# MCCB Disconnect



## McClary’s Electrical (Feb 21, 2009)

Felidan said:


> Since MCCB are fast replacing the fused switch disconnects in control panels, does anyone knows of a quick calculator to size them?


 
Please clarify question. do you mean calculating the size of the disconnect for a motors control center?


----------



## Felidan (Jan 21, 2011)

It's a control panel for Industrial Machinery. I know for the "clasic" fused disconnect, I would get a 30 Amp unit and fit it with 25 Amp fuses, done!
The load would be : two motors, 3 Ph at 240VAC, 4.2 FLA, a DC drive pulling 10 Amp max and a control transformer, 350VA.


----------



## JRaef (Mar 23, 2009)

125% of the largest load FLC plus total FLC of all other possible connected loads, rounded up to the nearest standard size.

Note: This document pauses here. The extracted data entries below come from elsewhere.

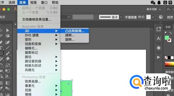 矩形绘制完成之后,在上方菜单中选择“效果-3D-凸出和斜角”
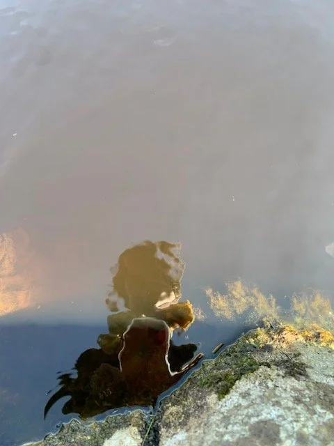 As I sat next to the pool, on an outcropping, my feet resting in spongy ground, I saw her cross floating in the pool, and it's as though her energy seeped into me, nourishing my own courage. Suddenly I knew: now is the time and place to baptize myself. And I did. Though I'd never heard of Thecla. Though I had no idea any woman had ever done such a thing. Brazen, I baptized myself in the name of the Birther/Father-Mother of the Cosmos, in the name of the Innocent Child, in the name of the Breathing Life of All.
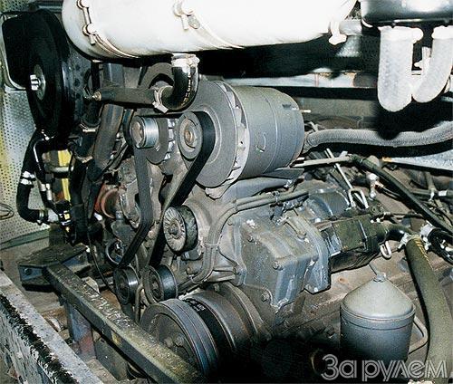 В готовый остов устанавливают силовой агрегат. Размещается он в задней части салона и спрятан в шкафу. Ведь под пол ляжет только плоский (горизонтальный) мотор, а их раз, два и обчелся. На МАЗ же можно поставить какой угодно. От дешевого ММЗ (Минский моторный) до "Даймлер-Крайслера" и МАНа. А вся адаптация - приварить к кузову соответствующие кронштейны. Коробки передач тоже на выбор. Хочешь - ярославскую механическую, хочешь - "Фойт"-автомат. Правда, последняя на 10 тысяч долларов дороже.
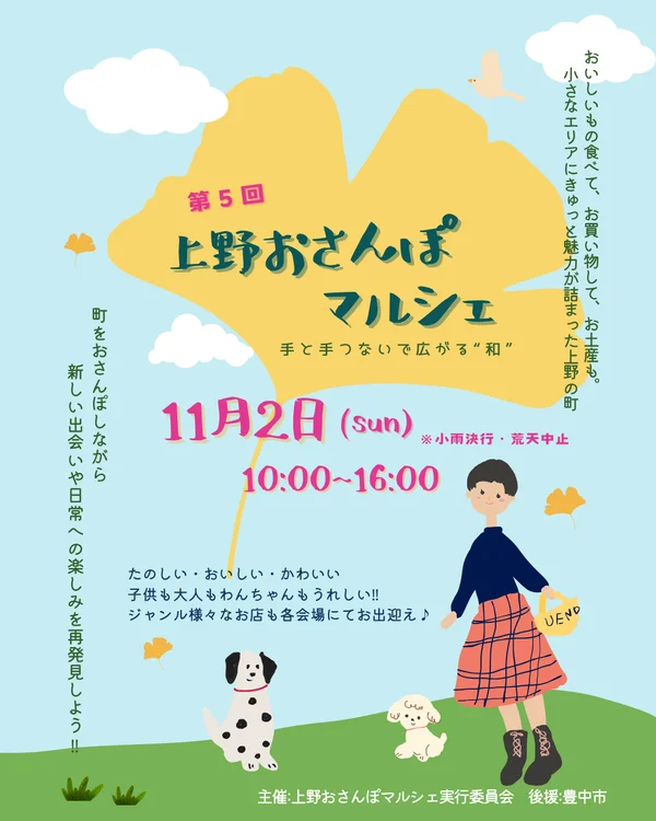 第5回上野おさんぽマルシェ 豊中市民の回覧板 2025年10月21日投稿日:2025/10/21投稿者 上野おさんぽマルシェ実行委員会日にち:11月2日(日)10:00~16:00 場所:豊中市上野地区。府道43号線沿いの各会場と店舗にて美味しいもの食べて、お買い物して、お土産も。 小さなエリアにきゅっと魅力が詰まった上野の町。地域住民の皆さまに楽しみをお届けし、明るい日々のくらしへの貢献に繋がることを願い,上野をおさんぽしながら住む地域のお店や活動をがんばる方に目を向けることで社会の循環がうまれるきっかけになってほしい… そんな想いで上野おさんぽマルシェは2021年より小さくスタートしました。 ぜひ秋のおさんぽにお出掛けください♪上野お散歩マルシェ一覧へ戻るトップページへ戻る おしらせ 2025.10.20 「増山先生直筆のサイン入り本」プレゼント当選者のお知らせ 2025.10.10 10/10 配信予定だった「豊中こども報道」の記事の配信を延期します 2025.05.23 TNNメンバーに「チカ@TNN」が新たに加わりました 一覧を見るおしらせ 2025.10.20 「増山先生直筆のサイン入り本」プレゼント当選者のお知らせ 2025.10.10 10/10 配信予定だった「豊中こども報道」の記事の配信を延期します 2025.05.23 TNNメンバーに「チカ@TNN」が新たに加わりました 一覧を見る
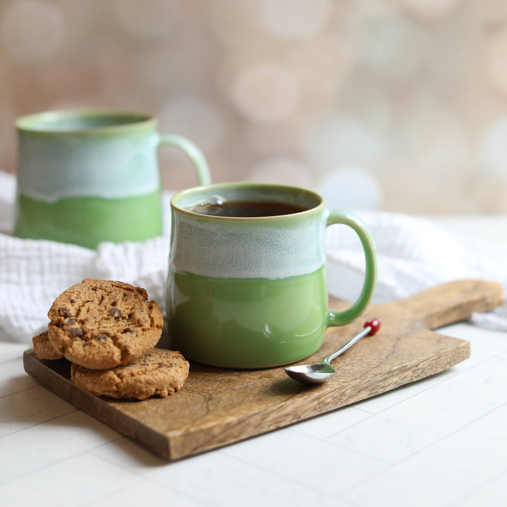 One of the freshest glaze options for these handmade ceramics, the pea green handmade coffee mugs, are a gorgeous addition to your kitchen shelves.
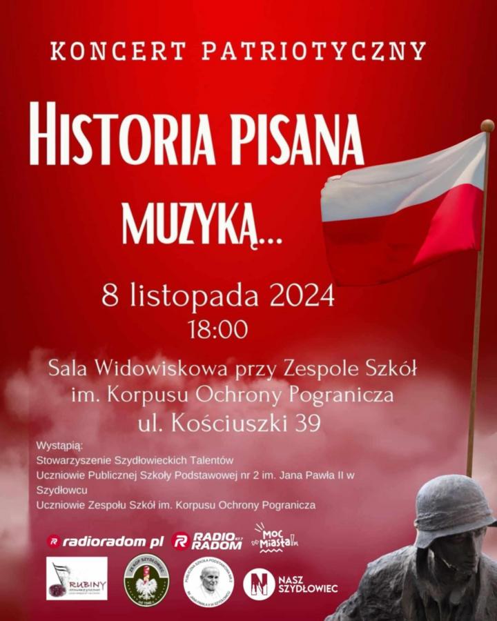 Zapraszamy na koncert patriotyczny Historia pisana z muzyką! Odbędzie się 8 listopada o godz. 18.00 w Zespole Szkół im. Korpusu Ochrony Pogranicza. Na scenie Stowarzyszenie Szydłowieckich Talentów oraz uczniowie szkół podstawowych i średnich, którzy zaprezentują wyjątkowe utwory. Zobacz galerię zdjęć z tego wyjątkowego wydarzenia!
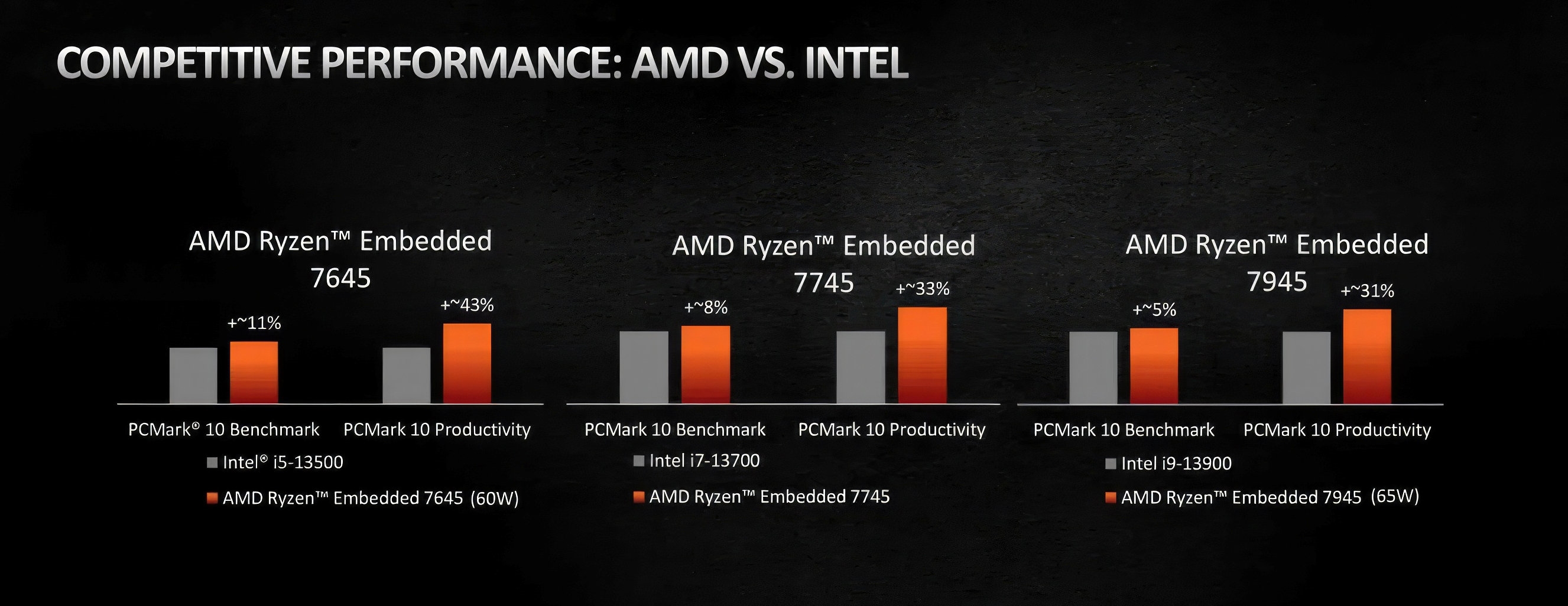 按照官方设定,锐龙7945、锐龙7745、锐龙7645的对标竞品分别是i9-13900、i7-13700、i5-13500,PCMark 10总分分别领先11%、8%、5%,生产力部分可领先43%、33%、31%。
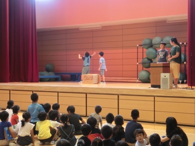 今日の集会は、映画のワンシーンを演じて見せてタイトルを当てるゲームでした。ちなみにこれは「アラジン」だそうです。
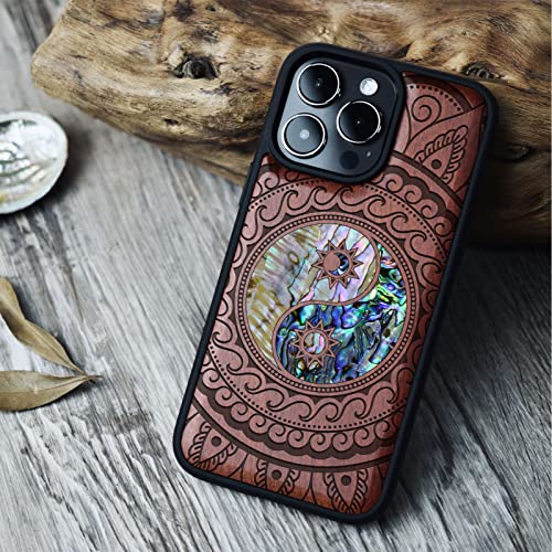 Carveit Custodia in Legno per iPhone 14 PRO Max Cover avec Magnetico Incisione in Legno e intarsio di cozze Compatibile con 14 PRO Max MagSafe Custodia (Rosea Legno-Yin Yang Paisley)

It's in the NEC.

So 4.2 x 1.25 = 5.25 + 4.2 + 10 + about 1A for the CPT = 20.45A, round up to 25A. 

Well whadayaknow...


----------



## Felidan (Jan 21, 2011)

Is it 430.110 you are looking at?


----------



## JRaef (Mar 23, 2009)

Felidan said:


> Is it 430.110 you are looking at?


Huh, interesting. Yes that's apparently the section, but I remembered it as 125%, not 115%. I'll have to look at my 2002 book and see if that has changed, or maybe I'm remembering UL508 rules. Now I'm questioning where my brain came up with 125%...


----------



## McClary’s Electrical (Feb 21, 2009)

JRaef said:


> Huh, interesting. Yes that's apparently the section, but I remembered it as 125%, not 115%. I'll have to look at my 2002 book and see if that has changed, or maybe I'm remembering UL508 rules. Now I'm questioning where my brain came up with 125%...


440.33 is one of the placest you may have seen it


----------



## JRaef (Mar 23, 2009)

Nope, here's where I got it from:

430.24 Several Motors or a Motor(s) and Other Load(s).
Conductors supplying several motors, or a motor(s) and
other load(s), shall have an ampacity not less than 125 percent
of the full-load current rating of the highest rated motor
plus the sum of the full-load current ratings of all the
other motors in the group, as determined by 430.6(A), plus
the ampacity required for the other loads.

So you size the conductors feeding it per this rule, then size the feeder to protect the conductors. But the disconnect INSIDE the control panel could apparently be sized at 115% per the above.


----------